Darko decided on making such a move way even before he bought it, and he had spent literal years looking for a facility where the workers from his three Sisak companies could come and spend their holidays without having to pay one single cent, tportal writes.
“I do it out of pure selfishness, if you like. If you want a good and prosperous company with happy employees, you have to provide them with some basic things – paid travel expenses, hot meals, and you can even throw in a nice holiday, too. You have to help them out with what is affecting their family budget a little more. That’s how you keep hold of them. In addition, you’ll attract new, smarter people than you to come and work for you. Then you can step aside a little and say – great, less obligations for me,” 66-year-old Croatian returnee Sertic explained.
He bought the Ablana Hotel with its 26 rooms two years ago. It was built back during the second half of the 90s and was operational as a normal hotel until 2010, when it was left at the mercy of vandals and the cruel hands of time. It sadly turned into an abandoned, ghost hotel, joining a series of abandoned tourist facilities dotted along the Croatian coast that are decaying in silence as the years pass and the elements take their toll.

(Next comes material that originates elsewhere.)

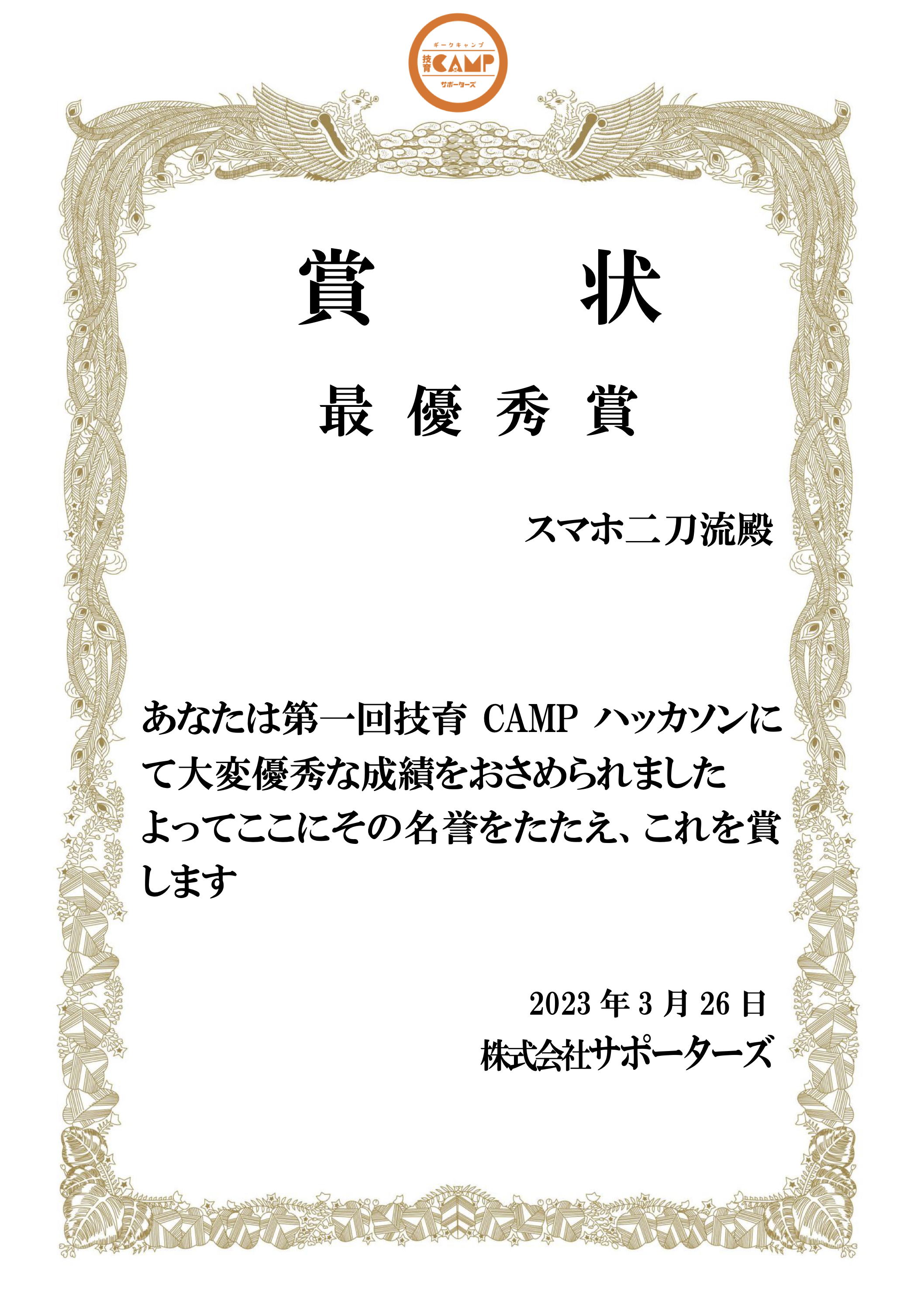 今回がハッカソン初参加かつ、インターンシップと時期が被ってしまいかなり大変でした。しかし、チームのおかげで無事に完成し最優秀賞を受賞できたので参加し て良かったと思います。

“The hotel was in a terrible state, I was simply blown away. It was overgrown with weeds and wild animals lived in it, and the rooms were toilets for the people swimming on the nearby beach. It was just awful! But in America they teach you that even that “awful” can be turned into something good. Everything can be fixed, except the location. When something is in an excellent location, then it makes sense for you to work hard on it,” explained Sertic.
He learned his priceless American entrepreneurial wisdom during the last 40 years he spent living and working across the pond. As a young man, Sertic moved away from his native Sisak to the USA in the mid-80s. He got a job in Silicon Valley and founded Applied Ceramics back in 1994. Its main business is the production of components for the chip industry, and its clients are the world’s largest manufacturers, such as Intel, Samsung, Philips and Taiwan’s TSMC, just to name a few.
He opened a plant in Sisak back in 2008, in the institute building of the former Zeljezara (ironworks). Three years after that, he started the international culinary academy Kul In, and in 2014, Pisak, the first business incubator in all of Croatia created based on a private initiative. This doggedly determined Croatian returnee did not stop there, either, and in 2018, he started the production of solar modules in his company Sunceco.
Here in Croatia, Sertic employs around 200 people. With them in mind, as well as is desire to provide internships for the participants of his culinary school during the summer, he started looking for a hotel or resort by the sea, and that’s how this extremely generous idea came to be.